Large Language Model (LLM) Evaluation Metrics – BLEU and ROUGE

How are language models evaluated? In traditional machine learning, we have metrics like accuracy, f1-score, precision, recall etc. But how can you calculate objectively how the model performed, when the label is I like to drink coffee over tea and the model’s output is I prefer coffee to tea. As humans, we can clearly see that these two have the same meaning, but how can a machine make the same evaluation?

Well, there are two approaches –

  1. BLEU – Bilingual Evaluation Understudy is a metric used to evaluate the quality of machine-generated translations against one or more reference translations. It measures the similarity between the machine-generated translation and the reference translations based on the n-grams (contiguous sequences of n words) present in both. BLEU score ranges from 0 to 1, with a higher score indicating a better match between the generated translation and the references. A score of 1 means a perfect match, while a score of 0 means no overlap between the generated and reference translations.
  2. ROUGE – Recall-Oriented Understudy for Gisting Evaluation) is a widely used evaluation metric for assessing the quality of automatic summaries generated by text summarization systems. It measures the similarity between the generated summary and one or more reference summaries. ROUGE calculates the precision and recall scores by comparing the n-gram units (such as words or sequences of words) in the generated summary with those in the reference summaries. It focuses on the recall score, which measures how much of the important information from the reference summaries is captured by the generated summary.

Let us take an example and calculate both the metrics.
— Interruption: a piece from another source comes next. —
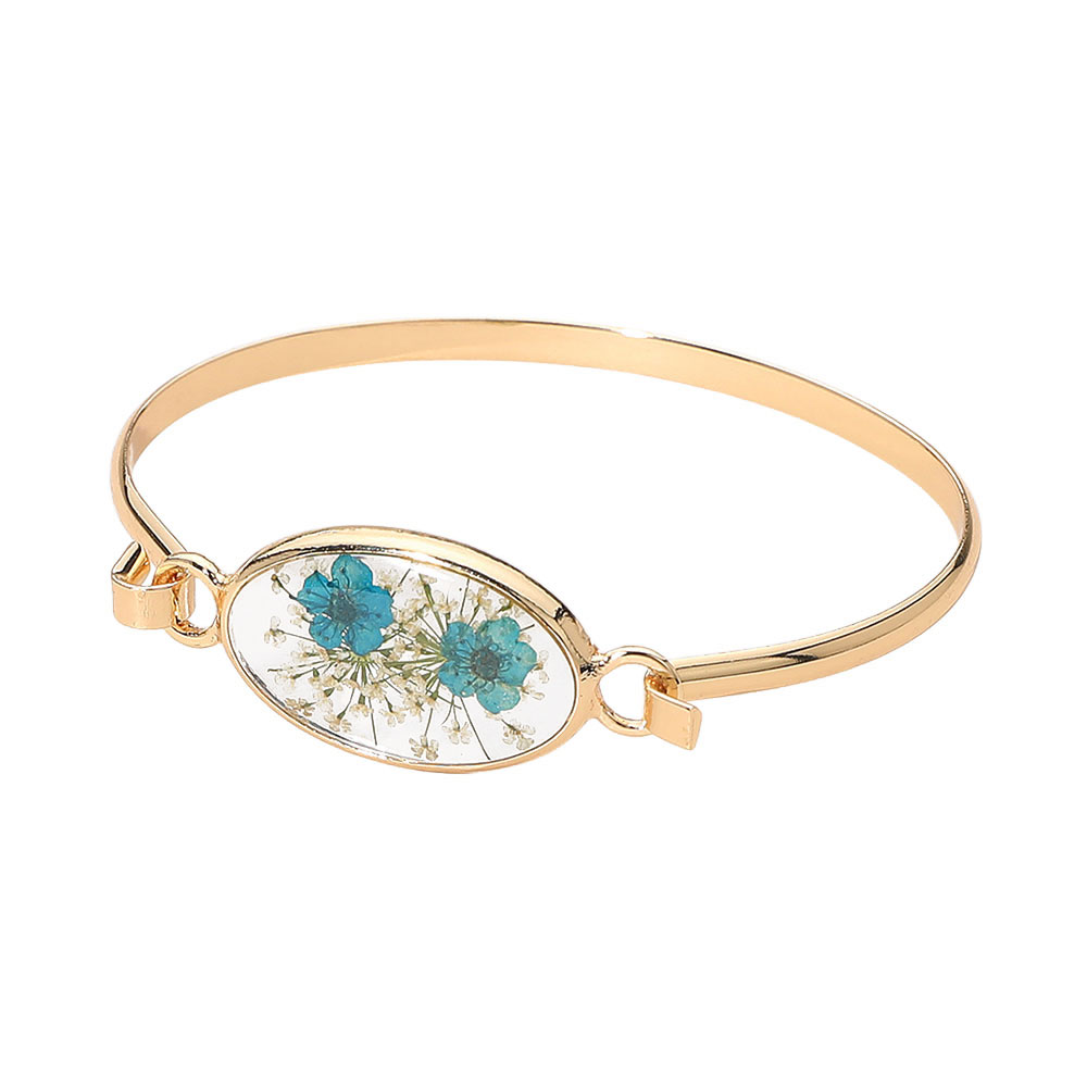 Details • Size : 0.7" H, 2.4" D • Hook Closure • Elevate everyday style with this Floral Encased Oval Bangle Bracelet, featuring a delicate preserved-flower centerpiece inside a sleek oval frame. Designed for comfortable wear and easy layering, it adds a refined, nature-inspired accent to casual looks, work outfits, or special occasions and makes a thoughtful gift choice. • Lead and Nickel Compliant

Suppose the label is "The cat sat on the mat." and the model’s output is "The dog slept on the couch."

Here is the python code to calculate ROUGE score –

from collections import Counter
import re


def calculate_ROUGE(generated_summary, reference_summary, n):
    # Tokenize the generated summary and reference summary into n-grams
    generated_ngrams = generate_ngrams(generated_summary, n)
    reference_ngrams = generate_ngrams(reference_summary, n)

    # Calculate the recall score
    matching_ngrams = len(set(generated_ngrams) & set(reference_ngrams))
    recall_score = matching_ngrams / len(reference_ngrams)

    return recall_score


def generate_ngrams(text, n):
    # Preprocess text by removing punctuation and converting to lowercase
    text = re.sub(r'[^\w\s]', '', text.lower())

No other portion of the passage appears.